End-Stage Renal Disease

Treatments

Behavioral: Patient Navigation

Study type

Interventional

Funder types

Other

Identifiers

NCT01776073
IRB00060661
Mason-01 (Other Identifier)

Details and patient eligibility

About

The purpose of this study is to measure the effect of introducing a patient navigator to guide high and moderate risk patients through the pre-waitlisting phases of the kidney transplant process. Patients identified as being at high and moderate risk of delay to waitlisting will be linked with a patient navigator, who will facilitate their completion of pre-waitlisting requirements. We believe that patients who are randomized to a patient navigator will be more likely to complete the pre-waitlisting process and will complete the process more quickly than high and moderate risk patients who do not receive additional assistance from a patient navigator.

Full description

The investigators plan to implement a newly developed risk assessment tool that uses medical and demographic indicators to estimate the probability of waitlisting for all patients beginning the transplant process at the Emory Transplant Center. Medical secretaries will collect information about patients' medical and demographic characteristics during the appointment scheduling phone call. This information will be entered into the REDCap risk assessment tool, which will be used to calculate the probability of waitlisting. A previously defined cut-off will be used to categorize the risk of delay to waitlisting.

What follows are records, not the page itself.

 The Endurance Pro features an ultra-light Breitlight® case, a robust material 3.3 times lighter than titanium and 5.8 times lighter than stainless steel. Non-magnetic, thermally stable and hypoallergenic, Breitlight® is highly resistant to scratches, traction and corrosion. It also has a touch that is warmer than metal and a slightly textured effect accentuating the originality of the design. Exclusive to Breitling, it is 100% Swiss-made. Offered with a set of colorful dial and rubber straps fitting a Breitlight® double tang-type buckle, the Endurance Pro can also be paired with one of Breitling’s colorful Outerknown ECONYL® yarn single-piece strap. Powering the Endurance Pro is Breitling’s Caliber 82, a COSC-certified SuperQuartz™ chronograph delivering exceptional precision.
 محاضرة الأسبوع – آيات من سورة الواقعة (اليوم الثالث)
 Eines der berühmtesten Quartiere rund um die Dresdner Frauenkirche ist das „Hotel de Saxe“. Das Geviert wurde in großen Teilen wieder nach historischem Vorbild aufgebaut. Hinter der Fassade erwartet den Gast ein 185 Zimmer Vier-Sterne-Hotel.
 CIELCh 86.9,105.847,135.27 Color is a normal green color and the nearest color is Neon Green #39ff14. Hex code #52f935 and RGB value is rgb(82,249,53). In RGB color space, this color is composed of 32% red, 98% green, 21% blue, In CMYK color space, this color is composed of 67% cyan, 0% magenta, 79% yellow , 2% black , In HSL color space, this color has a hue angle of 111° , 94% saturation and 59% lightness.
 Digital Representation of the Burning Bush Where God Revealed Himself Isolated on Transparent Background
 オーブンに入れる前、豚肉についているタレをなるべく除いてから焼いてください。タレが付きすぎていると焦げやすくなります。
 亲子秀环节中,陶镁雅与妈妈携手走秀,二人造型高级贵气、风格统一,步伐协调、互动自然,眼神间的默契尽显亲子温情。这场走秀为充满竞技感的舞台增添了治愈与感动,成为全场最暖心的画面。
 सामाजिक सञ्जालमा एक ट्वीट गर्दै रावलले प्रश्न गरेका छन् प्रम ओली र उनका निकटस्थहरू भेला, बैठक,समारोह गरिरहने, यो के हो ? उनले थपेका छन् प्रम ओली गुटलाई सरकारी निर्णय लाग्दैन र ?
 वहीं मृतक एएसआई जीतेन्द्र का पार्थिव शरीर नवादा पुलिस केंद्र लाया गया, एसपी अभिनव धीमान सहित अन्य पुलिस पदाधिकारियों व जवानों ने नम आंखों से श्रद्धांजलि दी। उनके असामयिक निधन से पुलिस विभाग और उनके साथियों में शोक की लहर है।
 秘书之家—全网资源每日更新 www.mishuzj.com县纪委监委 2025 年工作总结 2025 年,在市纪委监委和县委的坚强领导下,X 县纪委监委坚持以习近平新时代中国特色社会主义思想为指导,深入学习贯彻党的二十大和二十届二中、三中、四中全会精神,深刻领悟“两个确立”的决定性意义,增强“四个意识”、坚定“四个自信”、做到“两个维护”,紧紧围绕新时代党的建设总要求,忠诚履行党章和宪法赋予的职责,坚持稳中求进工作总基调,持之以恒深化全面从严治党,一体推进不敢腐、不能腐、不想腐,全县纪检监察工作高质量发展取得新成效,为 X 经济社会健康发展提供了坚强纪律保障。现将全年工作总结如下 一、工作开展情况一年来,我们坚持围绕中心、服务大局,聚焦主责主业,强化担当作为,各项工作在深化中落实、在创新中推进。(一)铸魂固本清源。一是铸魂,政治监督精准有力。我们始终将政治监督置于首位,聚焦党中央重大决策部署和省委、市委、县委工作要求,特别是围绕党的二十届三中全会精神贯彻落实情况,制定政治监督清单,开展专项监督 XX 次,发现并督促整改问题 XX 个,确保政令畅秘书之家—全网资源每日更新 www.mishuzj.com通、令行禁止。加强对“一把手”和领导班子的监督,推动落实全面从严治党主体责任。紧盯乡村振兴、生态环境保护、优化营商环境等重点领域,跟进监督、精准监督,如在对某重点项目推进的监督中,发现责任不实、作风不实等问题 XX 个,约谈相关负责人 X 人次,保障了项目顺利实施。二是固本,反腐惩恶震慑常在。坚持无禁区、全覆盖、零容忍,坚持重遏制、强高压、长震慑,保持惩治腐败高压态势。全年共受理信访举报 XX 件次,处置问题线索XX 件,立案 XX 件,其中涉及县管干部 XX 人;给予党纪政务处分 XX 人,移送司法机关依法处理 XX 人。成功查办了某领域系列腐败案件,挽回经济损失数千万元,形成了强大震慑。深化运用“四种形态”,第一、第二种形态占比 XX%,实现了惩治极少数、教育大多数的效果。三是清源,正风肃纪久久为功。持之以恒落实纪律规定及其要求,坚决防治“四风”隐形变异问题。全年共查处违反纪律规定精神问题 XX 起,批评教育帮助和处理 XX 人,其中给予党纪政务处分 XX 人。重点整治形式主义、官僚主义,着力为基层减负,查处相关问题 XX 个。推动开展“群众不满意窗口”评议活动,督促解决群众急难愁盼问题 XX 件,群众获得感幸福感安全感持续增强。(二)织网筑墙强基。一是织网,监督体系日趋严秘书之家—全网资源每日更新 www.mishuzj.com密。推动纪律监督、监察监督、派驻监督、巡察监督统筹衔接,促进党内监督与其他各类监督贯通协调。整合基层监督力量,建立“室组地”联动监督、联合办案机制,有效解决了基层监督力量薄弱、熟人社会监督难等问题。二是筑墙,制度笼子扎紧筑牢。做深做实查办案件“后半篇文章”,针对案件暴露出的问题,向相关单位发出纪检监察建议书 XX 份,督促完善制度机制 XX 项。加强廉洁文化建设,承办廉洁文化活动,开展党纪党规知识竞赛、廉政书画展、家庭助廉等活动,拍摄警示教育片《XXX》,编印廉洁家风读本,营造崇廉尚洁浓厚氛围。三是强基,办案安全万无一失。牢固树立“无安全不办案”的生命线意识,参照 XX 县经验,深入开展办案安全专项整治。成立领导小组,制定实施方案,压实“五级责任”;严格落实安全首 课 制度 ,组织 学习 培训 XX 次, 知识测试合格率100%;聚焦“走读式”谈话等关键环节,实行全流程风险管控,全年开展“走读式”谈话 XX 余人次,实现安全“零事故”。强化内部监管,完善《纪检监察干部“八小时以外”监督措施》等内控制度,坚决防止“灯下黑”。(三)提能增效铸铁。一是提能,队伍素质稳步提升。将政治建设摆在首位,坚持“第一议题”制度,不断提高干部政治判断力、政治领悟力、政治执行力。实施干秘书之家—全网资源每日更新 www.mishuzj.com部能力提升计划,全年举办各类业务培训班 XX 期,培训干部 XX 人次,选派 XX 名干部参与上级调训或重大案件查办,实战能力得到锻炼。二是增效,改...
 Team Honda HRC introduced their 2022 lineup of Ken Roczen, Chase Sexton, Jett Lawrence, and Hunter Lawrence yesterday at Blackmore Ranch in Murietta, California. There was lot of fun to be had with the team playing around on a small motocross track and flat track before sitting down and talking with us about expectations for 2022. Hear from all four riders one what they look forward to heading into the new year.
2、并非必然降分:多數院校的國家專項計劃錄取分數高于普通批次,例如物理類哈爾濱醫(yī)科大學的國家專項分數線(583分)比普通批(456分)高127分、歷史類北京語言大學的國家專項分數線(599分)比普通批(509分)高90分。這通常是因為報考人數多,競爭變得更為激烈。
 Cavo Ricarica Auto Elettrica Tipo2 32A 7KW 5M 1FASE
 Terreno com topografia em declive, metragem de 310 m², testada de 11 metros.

A random subset of patients identified as being at high and moderate risk of delay to waitlisting will be connected with a patient navigator, who will be available not only to answer questions, but also to manage clinical information prior to, during, and following transplantation. The navigator will work to identify potential barriers and to ensure that the most up-to-date clinical information has garnered responses at the nurse and physician levels.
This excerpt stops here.